Stéphanie Morissette
Paolo Almario
Paolo Almario is a digital artist of Colombian origin based in Chicoutimi since 2011. He began his career in 2014 with projects related to the impact Colombia's conflict had on his family. The repercussions of his artistic engagement led him to seek the protection of the Canadian Government, where he has had refugee status since 2015.
He trained at the Facultad de Arquitectura y Diseño of Universidad Los Andes (Bogota, Colombia). In 2014, he completed a Master of Arts at the Université du Québec à Chicoutimi (UQAC). His work has been supported on several occasions by the Conseil des arts et des lettres du Québec (CALQ) and the Canada Council for the Arts.
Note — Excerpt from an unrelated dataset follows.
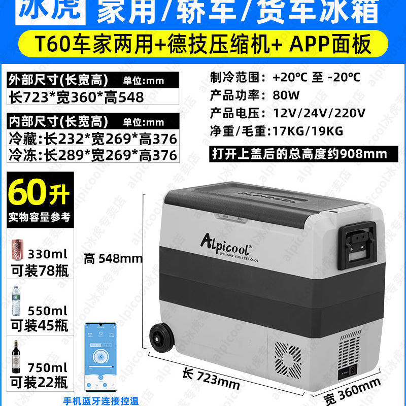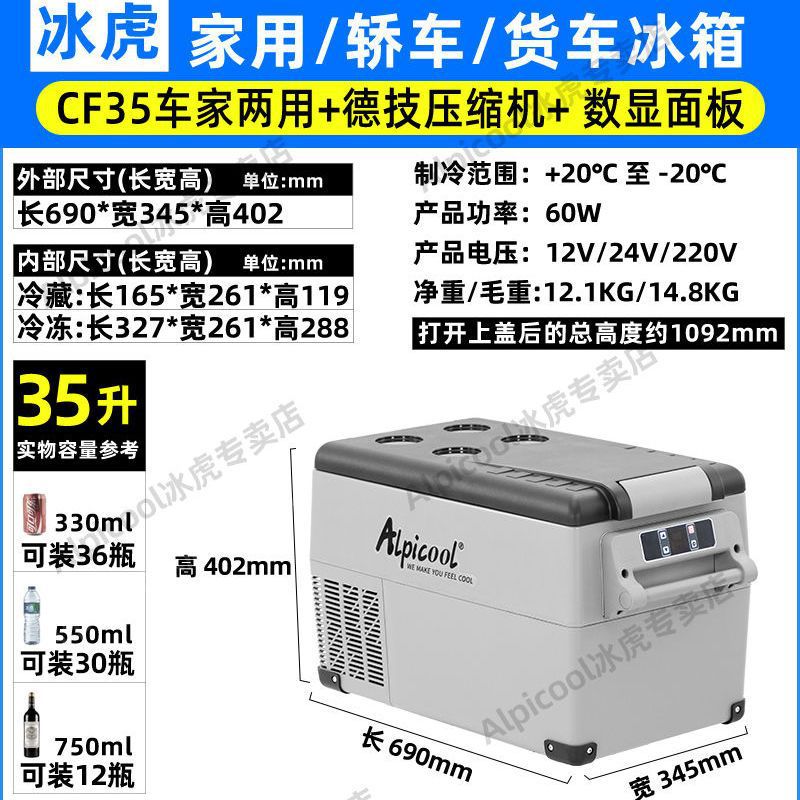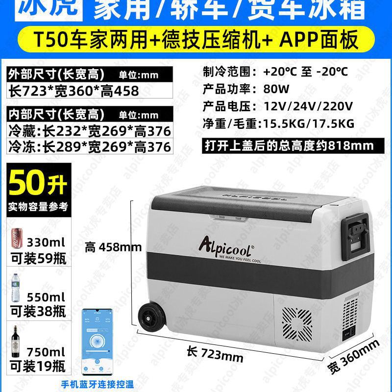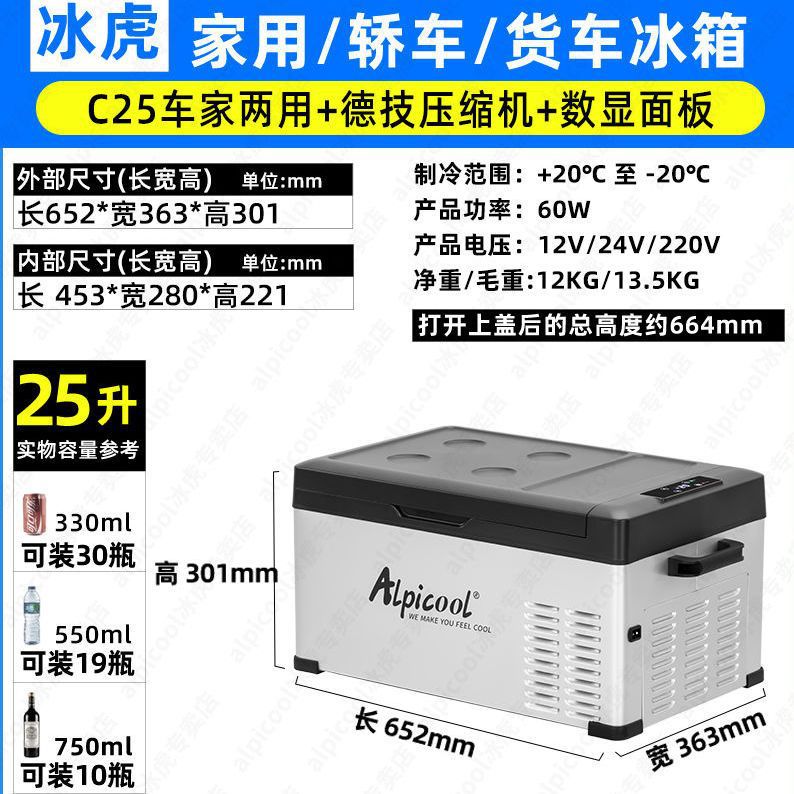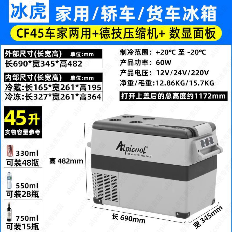 Ice Tiger 자동차 12V24V 냉장 및 냉동 소형 냉장고 휴대용 트럭 냉동고 압축기 냉동 자동차 가정용 이중 용도스토어 가기

In 2018, he was awarded the Prix du CALQ - Créateur de l'année in Saguenay-Lac-St-Jean. His work has been exhibited in Canada, Colombia, Italy, Belgium and France.
In his practice, Paolo Almario uses digital technologies to collect, analyze, codify, process and transform samples of reality into a plurality of artistic forms. Focusing on installation, software and electro-mechanical art, he explores the relationship between the individual and space, focusing on notions of identity, spatio-temporality and socio-politics.
Leila Zelli
Born in Tehran (Iran), Leila Zelli lives and works in Montreal. With a master's degree (2020) and a bachelor's degree (2016) in visual and media arts from UQAM, she is interested in our relationship with ideas of "others" and "elsewhere", and more specifically within the geopolitical space often referred to by the debatable term "Middle East". His work has been shown at Galerie Pierre-François Ouellette (2021), Galerie Bradley Ertaskiran (2020), Conseil des arts de Montréal (2019-2020), Galerie de l'UQAM (2020,2019, 2015) and Foire en art actuel de Québec (2019), among others. Her work is now part of the collections of the Montreal Museum of Fine Arts, the Musée national des beaux-arts du Québec, the Musée d'art contemporain de Baie-Saint-Paul and the Caisse de dépôt et placement du Québec. She is the 2021 recipient of the Claudine and Stephen Bronfman Fellowship in Contemporary Art.